> _Aim of the exercise_: Exactly the lines from the one with "ここでは、Windows の TELNET" through the final line of the entries, and nothing else, should appear in the answer; no pictures go in it.

> _Stored data_:
□ □ □ □ □ □ □
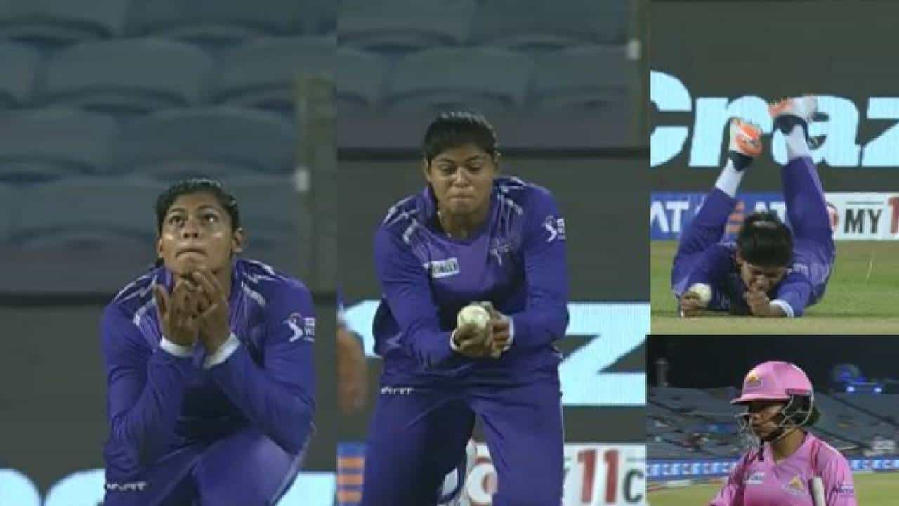 पण चेंडू आणि बॅटचा संपर्क चांगला नव्हता. त्यामुळे चेंडू सीमारेषेबाहेर जाऊ शकला नाही. यावेळी लाँग ऑफच्या दिशेने क्षेत्ररक्षण करणाऱ्या राधा यादवने चटकन चेंडूकडे धाव घेतली आणि डायव्ह मारत झेल पूर्ण केला.
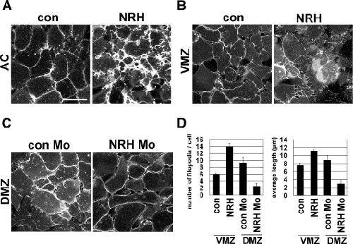 Fig. 4. NRH is essential for the regulation of cell morphology. Scale bar, 50 μm. (A, B) Cell shape changes in ACs and VMZ (ventral marginal zone) cells in response to changes in NRH expression. ACs or VMZs received injections of NRH mRNA (500 pg) and membrane-bound RFP (150 pg) into two animal cells at 2-cell stage embryos and two ventral cells at 4-cell stage embryos, respectively. ACs were cultured on glass-bottomed dishes and VMZ cells were cultured on fibronectin (0.1 mg/ml)-coated glass-bottomed dishes. In ACs expressing exogenous NRH, the number, length, and thickness of protrusions were remarkably increased. (C) DMZ cells received an injection of con Mo (16.8 ng) or NRH Mo (16.8 ng) in the two dorsal cells at the 4-cell stage to study NRH Mo-induced cytoskeletal changes. Membrane-bound RFP (150 pg) was co-injected to mark the cell membrane. (D) Using NIH image processing software, we counted the number of filopodia per one cell and measured the length of filopodia to assess an effect of NRH and NRH Mo in cell morphology. NRH mRNA injection received VMZ cells showed not only over 2 times increased number of filopodia per cell but also much longer average length of filopodia than those of mb-RFP injection received VMZ cells (con). At the same time, NRH Mo introduced DMZ cells exhibited almost 3 times smaller number of filopodia per cell and shorter average length of filopodia than those of con Mo-injected cells. |
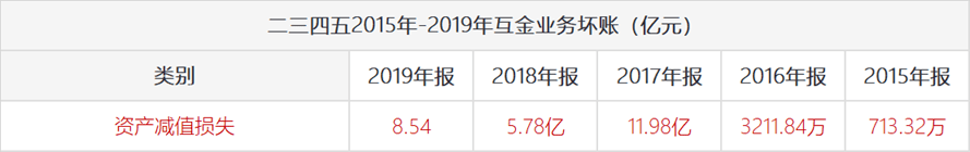 2015年-2019年,二三四五因现金贷业务出现的资产减值损失分别为713万元、3212万元、11.98亿元,5.78亿元和8.54亿元。其中,2017年-2019年的资产减值损失均超过了当年净利润。
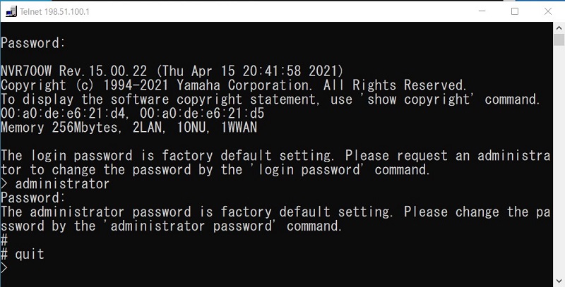 ここでは、Windows の TELNET を使用する場合を例に説明します。NVR700W, NVR510 の IP アドレスは 198.51.100.1 とした場合の例です。
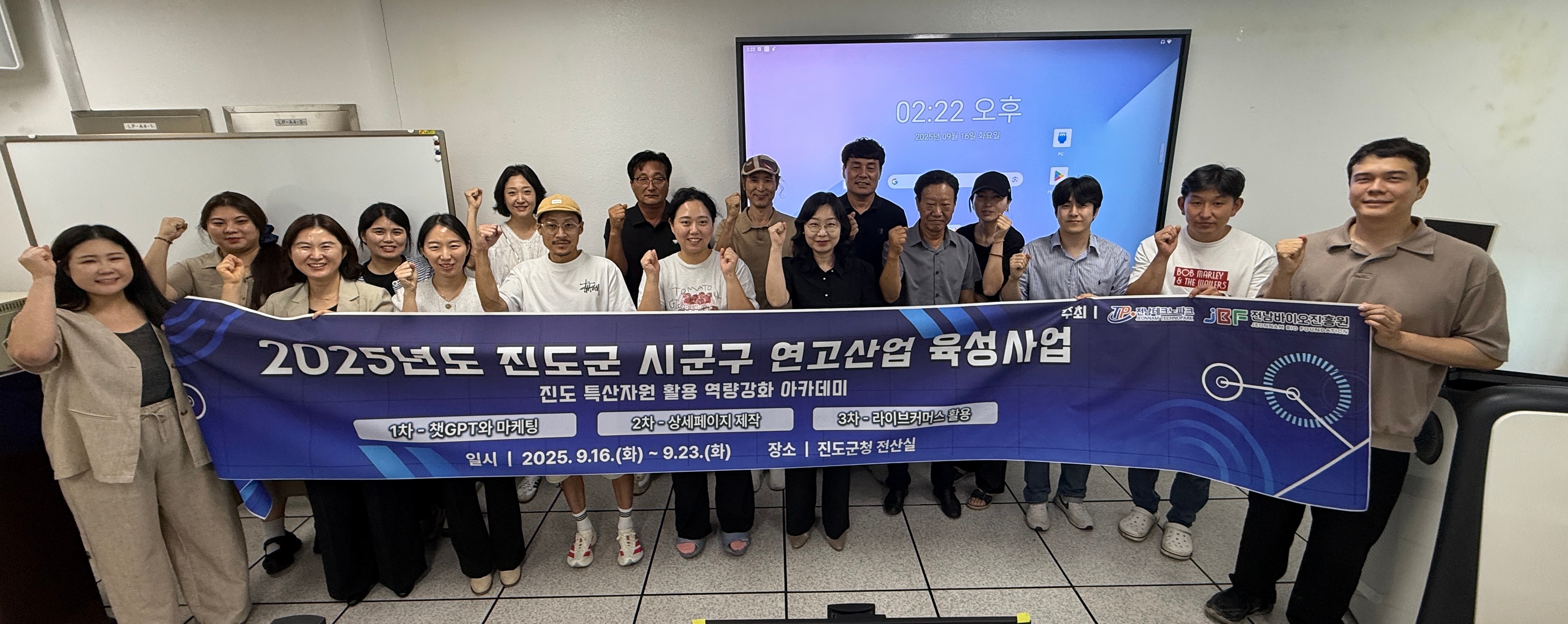 - 진도군 시군구연고산업육성사업 일환으로 AI 활용 온라인 마케팅 아카데미를 9월 16일부터 23일까지 총 3회 개최 예정
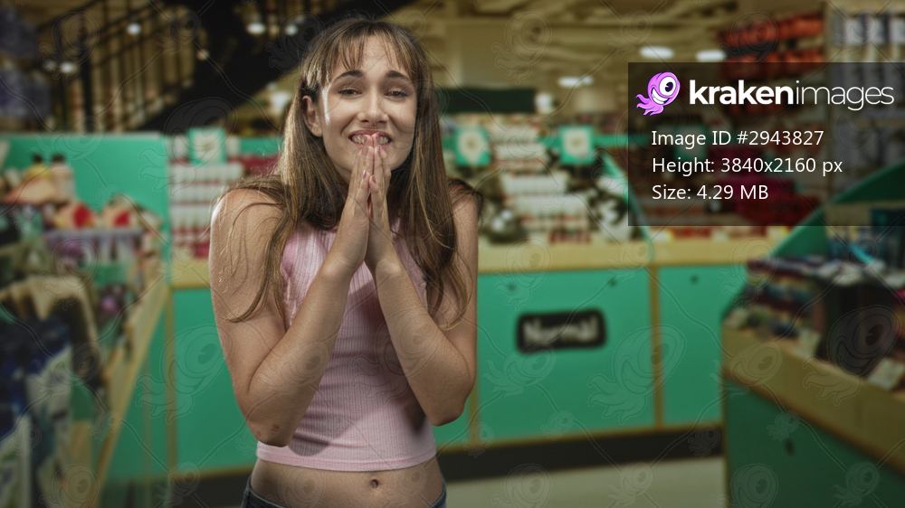Woman with hands clasped at mouth inside mall building showing a pleading gesture and visible midriff; hope wish.
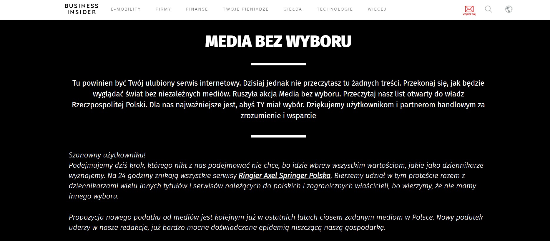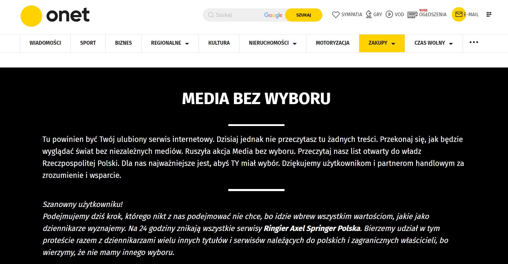 Ponadto, w ramach akcji w środę na stronach głównych najpopularniejszych portali, takich jak Onet.pl czy Businessinsider.pl, w stacjach telewizyjnych (TVN, Polsat), a także na pierwszych stronach wielu dzienników (Rzeczpospolita oraz Dziennik Zachodni), zamiast najnowszych wiadomości, pojawił komunikat na czarnym tle.
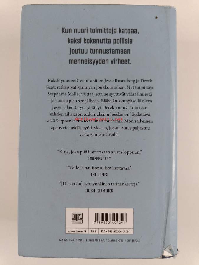 Tyydyttävä. Tarkempi kuntoluokka: K2- ; Hieman kulumaa reunoilla ja kulmissa, selkämyksessä hieman vinoutta, kontaktimuovipäällystys, kirjaston poistokirja
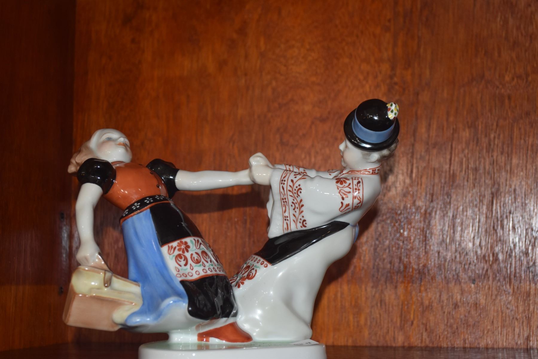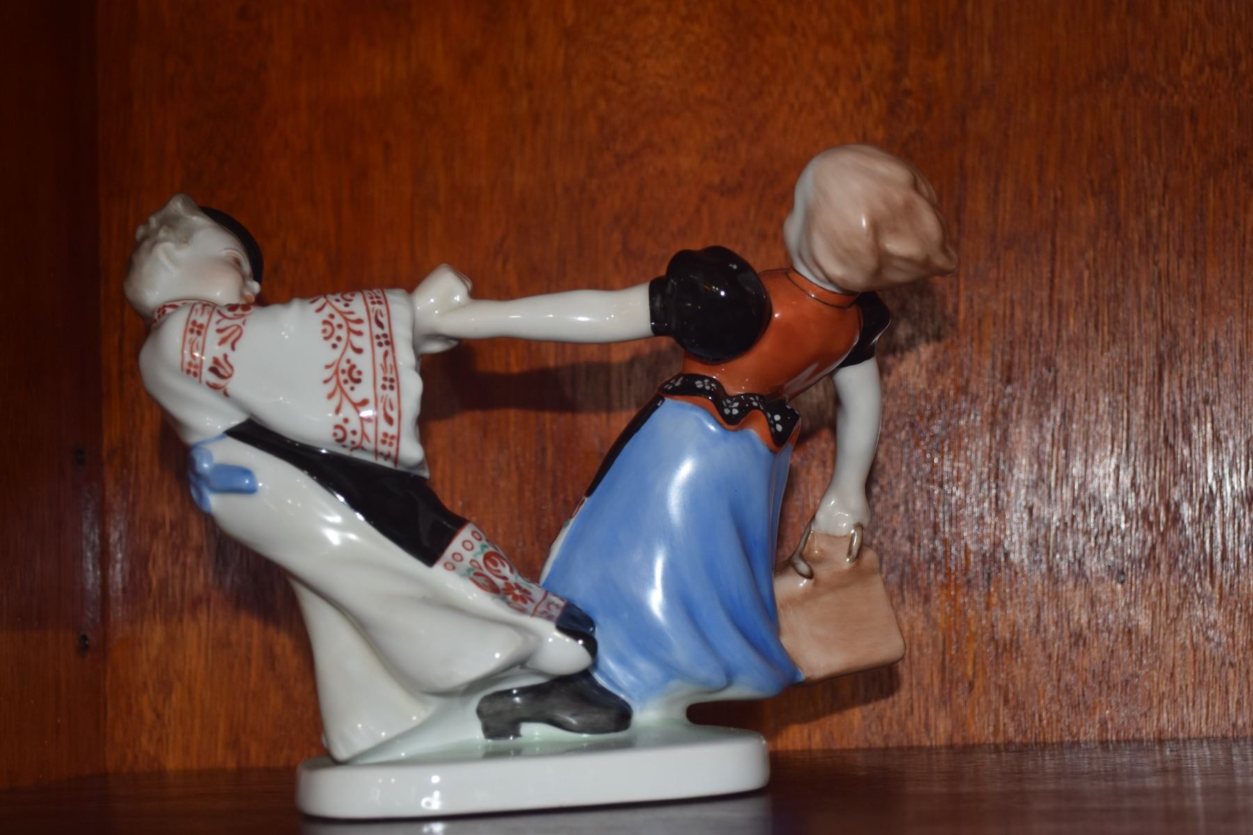 HEREND PORCELAIN FIGURINE, 2 CHILDREN DANCING IN TRADITIONAL HUNGARIAN FOLK DRESS
□ □ □ □ □ □ □
> _Expected output_:
 ここでは、Windows の TELNET を使用する場合を例に説明します。NVR700W, NVR510 の IP アドレスは 198.51.100.1 とした場合の例です。
 - 진도군 시군구연고산업육성사업 일환으로 AI 활용 온라인 마케팅 아카데미를 9월 16일부터 23일까지 총 3회 개최 예정
Woman with hands clasped at mouth inside mall building showing a pleading gesture and visible midriff; hope wish.
 Ponadto, w ramach akcji w środę na stronach głównych najpopularniejszych portali, takich jak Onet.pl czy Businessinsider.pl, w stacjach telewizyjnych (TVN, Polsat), a także na pierwszych stronach wielu dzienników (Rzeczpospolita oraz Dziennik Zachodni), zamiast najnowszych wiadomości, pojawił komunikat na czarnym tle.
 Tyydyttävä. Tarkempi kuntoluokka: K2- ; Hieman kulumaa reunoilla ja kulmissa, selkämyksessä hieman vinoutta, kontaktimuovipäällystys, kirjaston poistokirja
 HEREND PORCELAIN FIGURINE, 2 CHILDREN DANCING IN TRADITIONAL HUNGARIAN FOLK DRESS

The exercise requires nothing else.